Comment le changement climatique a un impact sur les droits fondamentaux des personnes

Un blog par Silvia Sinibaldi

L’été dernier, grâce à l’appui précieux de Caritas Suisse, j’ai eu la chance de visiter l’Ethiopie. Une fois sur place, j’ai passé une semaine dans le district d’Addigrat, dans la région du Tigré, et deux semaines à parcourir le pays.

Dès le premier jour, sur la route entre Magalié et Adigrat, Sebatu, un membre du Secrétariat diocésain catholique, m’expliquait que la pluviométrie avait vraiment été très faible jusqu’alors, bien que l’on fut en pleine saison des pluies. Le paysage autour de nous confirmait ses paroles. C’était ma première visite dans cet incroyable pays et je ne pouvais donc pas comparer avec  des situations similaires lors de précédents voyages, mais il était clair que la terre demandait silencieusement quelque chose de plus. La terre ne ment pas, que ce soit en Afrique ou ailleurs dans le monde.

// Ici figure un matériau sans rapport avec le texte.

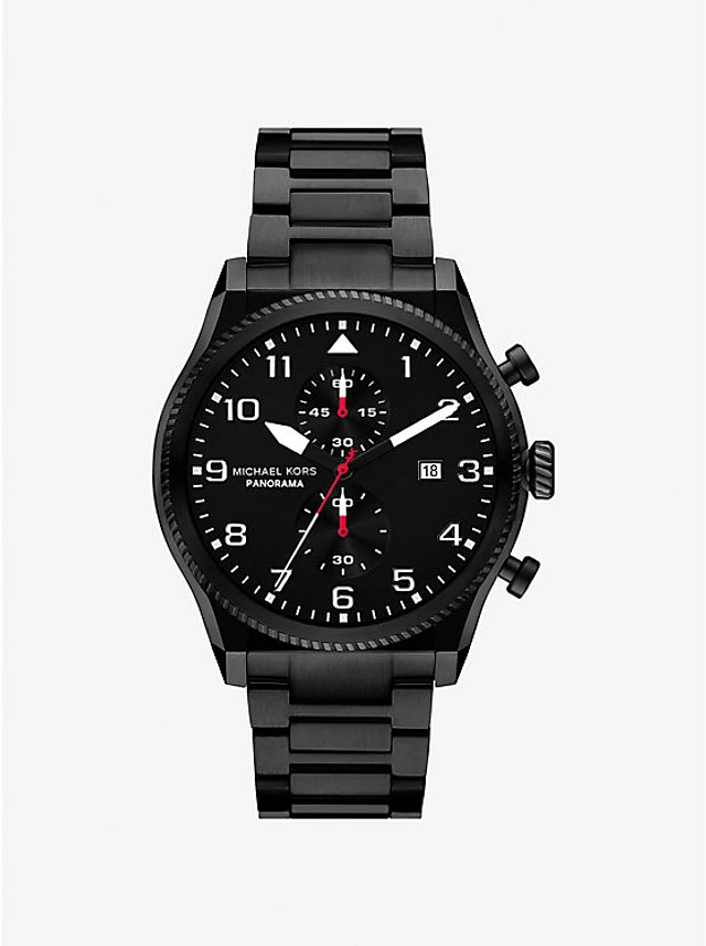 Oversized Panorama Black-Tone and Crocodile Embossed Leather Watch

Les autorités disaient que c’était trop tôt pour parler de sécheresse, que la saison des pluies tarderait normalement encore quelques semaines à venir, mais on ne sait jamais avec le changement climatique. Et c’est exactement ce qui s’est passé cette année. La pluie n’est jamais arrivée. Alors les organisations Caritas rassemblées à Addis ont lancé un  appel  pour venir en aide aux villages, aux communautés et aux familles dont la production agricole avait été touchée et voyaient en conséquence leur accès à la nourriture sérieusement menacé.

A local youth walks by a series of holes known as micro basis that are part of a CI-supported water project in Ethiopia's arid Jijiga Zone. Photo by David Snyder/Caritas

A local youth walks by a series of holes known as micro basis that are part of a CI-supported water project in Ethiopia’s arid Jijiga Zone. Photo by David Snyder/Caritas

Voilà un des résultats du changement climatique. Peu importe que nous voulions croire qu’il s’est agi d’une année exceptionnelle, nous savons – les statistiques savent – que ce n’est pas vrai.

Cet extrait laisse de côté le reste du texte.